**TASK TO CARRY OUT:** After locating the line with "Visitors view scale" in the data that follows, return it and every later line exactly, up to and including the line with "Twelve Myanmar construction".

**RECORDS PROVIDED:**
=== Section Start ===

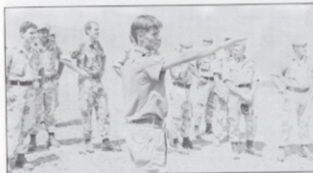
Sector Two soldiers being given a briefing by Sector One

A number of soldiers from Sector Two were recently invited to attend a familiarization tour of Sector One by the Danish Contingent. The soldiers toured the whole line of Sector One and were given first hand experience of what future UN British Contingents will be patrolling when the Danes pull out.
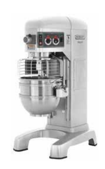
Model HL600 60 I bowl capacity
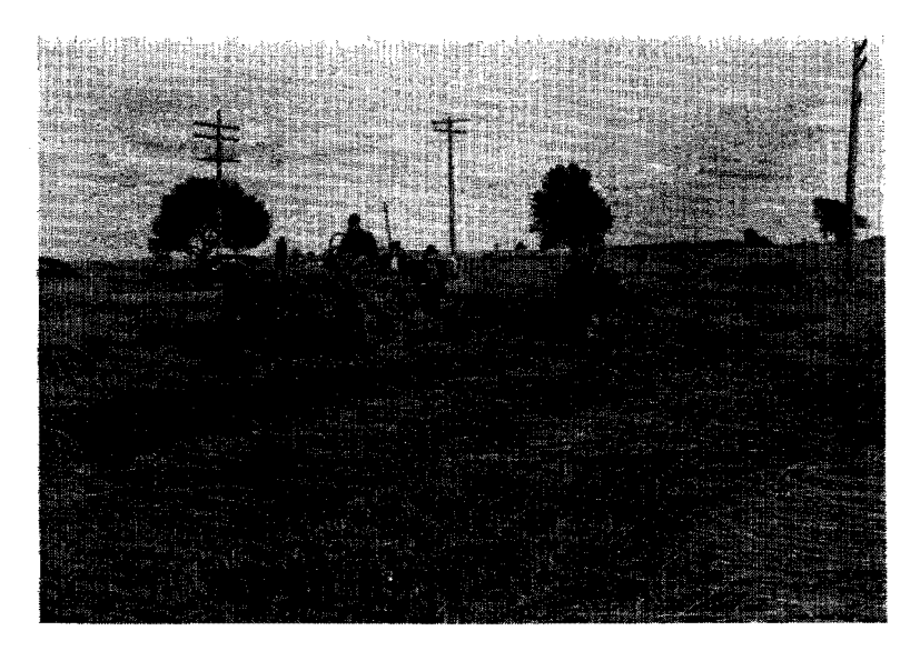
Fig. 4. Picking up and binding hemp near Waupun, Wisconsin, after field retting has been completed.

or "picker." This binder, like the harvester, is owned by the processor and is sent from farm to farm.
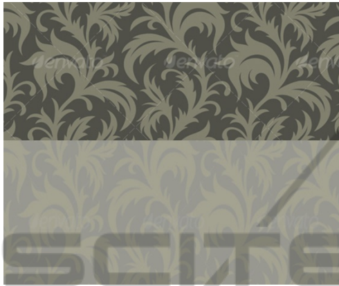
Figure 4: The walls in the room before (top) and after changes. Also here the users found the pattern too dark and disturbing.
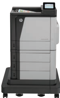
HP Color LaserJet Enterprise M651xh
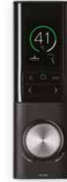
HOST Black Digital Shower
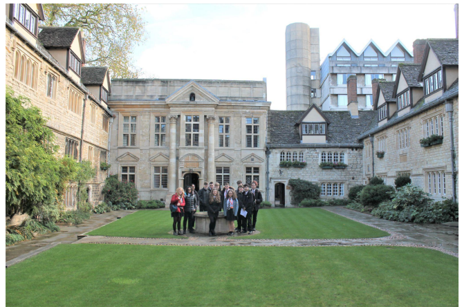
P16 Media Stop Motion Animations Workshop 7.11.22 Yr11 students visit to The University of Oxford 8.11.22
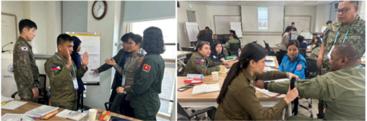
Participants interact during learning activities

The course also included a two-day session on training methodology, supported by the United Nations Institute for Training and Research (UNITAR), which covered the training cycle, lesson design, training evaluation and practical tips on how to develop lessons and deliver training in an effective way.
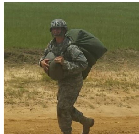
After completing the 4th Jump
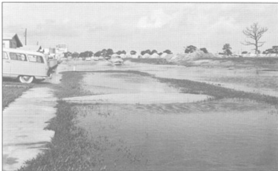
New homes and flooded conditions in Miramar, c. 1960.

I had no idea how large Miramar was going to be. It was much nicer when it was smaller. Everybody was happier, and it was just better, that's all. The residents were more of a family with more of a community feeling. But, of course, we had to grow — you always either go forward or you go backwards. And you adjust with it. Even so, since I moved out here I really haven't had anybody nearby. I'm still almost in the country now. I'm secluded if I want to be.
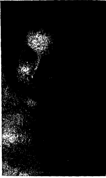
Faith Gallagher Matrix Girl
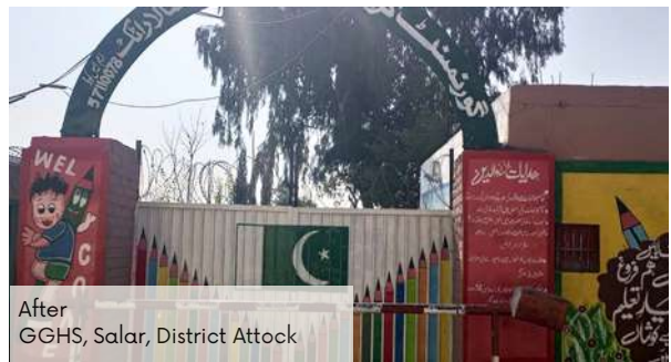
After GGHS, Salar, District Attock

=== Section End ===
=== Section Start ===

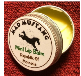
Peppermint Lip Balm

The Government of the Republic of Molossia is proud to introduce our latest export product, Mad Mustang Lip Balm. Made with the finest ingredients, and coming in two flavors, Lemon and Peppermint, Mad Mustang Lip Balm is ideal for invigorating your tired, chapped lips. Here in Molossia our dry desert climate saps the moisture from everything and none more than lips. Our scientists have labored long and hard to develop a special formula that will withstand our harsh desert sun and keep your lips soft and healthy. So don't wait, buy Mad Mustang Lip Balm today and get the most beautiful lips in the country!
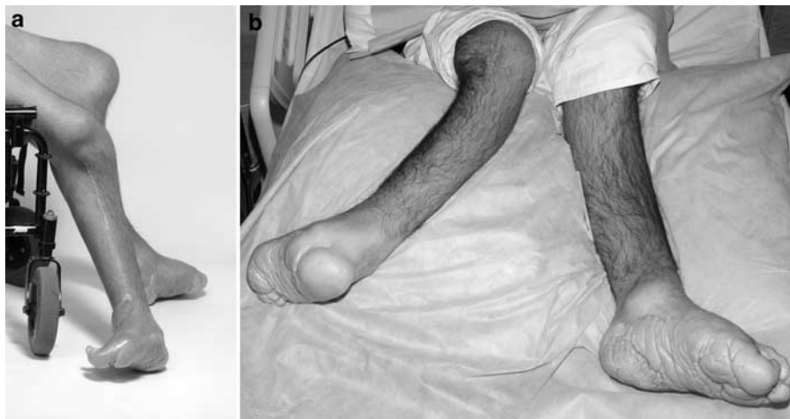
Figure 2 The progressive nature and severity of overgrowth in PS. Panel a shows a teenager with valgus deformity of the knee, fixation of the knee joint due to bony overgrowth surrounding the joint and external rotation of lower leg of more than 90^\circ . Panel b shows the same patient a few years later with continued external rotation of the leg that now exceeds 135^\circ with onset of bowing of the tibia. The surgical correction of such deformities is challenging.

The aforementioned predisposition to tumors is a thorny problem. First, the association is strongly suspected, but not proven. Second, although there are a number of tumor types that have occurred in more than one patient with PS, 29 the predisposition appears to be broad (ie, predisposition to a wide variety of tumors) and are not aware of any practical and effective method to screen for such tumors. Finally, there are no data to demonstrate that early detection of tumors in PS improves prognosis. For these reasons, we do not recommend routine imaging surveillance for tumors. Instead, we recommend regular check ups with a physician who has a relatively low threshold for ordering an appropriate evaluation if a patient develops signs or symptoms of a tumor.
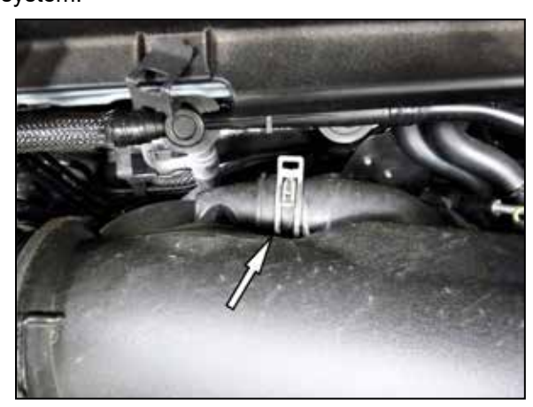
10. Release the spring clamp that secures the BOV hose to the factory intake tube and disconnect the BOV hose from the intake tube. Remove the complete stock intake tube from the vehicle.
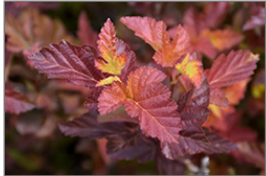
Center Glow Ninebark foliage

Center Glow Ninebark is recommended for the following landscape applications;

=== Section End ===
=== Section Start ===

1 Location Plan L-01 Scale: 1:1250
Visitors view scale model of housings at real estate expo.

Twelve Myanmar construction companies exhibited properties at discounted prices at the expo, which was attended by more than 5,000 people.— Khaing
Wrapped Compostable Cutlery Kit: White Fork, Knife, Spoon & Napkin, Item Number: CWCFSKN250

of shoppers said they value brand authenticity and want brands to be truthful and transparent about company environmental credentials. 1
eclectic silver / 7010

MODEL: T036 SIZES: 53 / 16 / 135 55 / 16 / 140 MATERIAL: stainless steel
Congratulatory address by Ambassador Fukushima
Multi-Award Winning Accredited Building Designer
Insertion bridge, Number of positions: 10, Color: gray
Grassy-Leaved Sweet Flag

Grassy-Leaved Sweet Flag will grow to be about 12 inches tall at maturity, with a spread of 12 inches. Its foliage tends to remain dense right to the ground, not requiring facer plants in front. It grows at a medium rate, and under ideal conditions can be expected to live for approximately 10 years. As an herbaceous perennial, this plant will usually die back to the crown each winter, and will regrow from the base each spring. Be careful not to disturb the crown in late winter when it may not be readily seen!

=== Section End ===

**OUTPUT OF THE TASK:**
Visitors view scale model of housings at real estate expo.

Twelve Myanmar construction companies exhibited properties at discounted prices at the expo, which was attended by more than 5,000 people.— Khaing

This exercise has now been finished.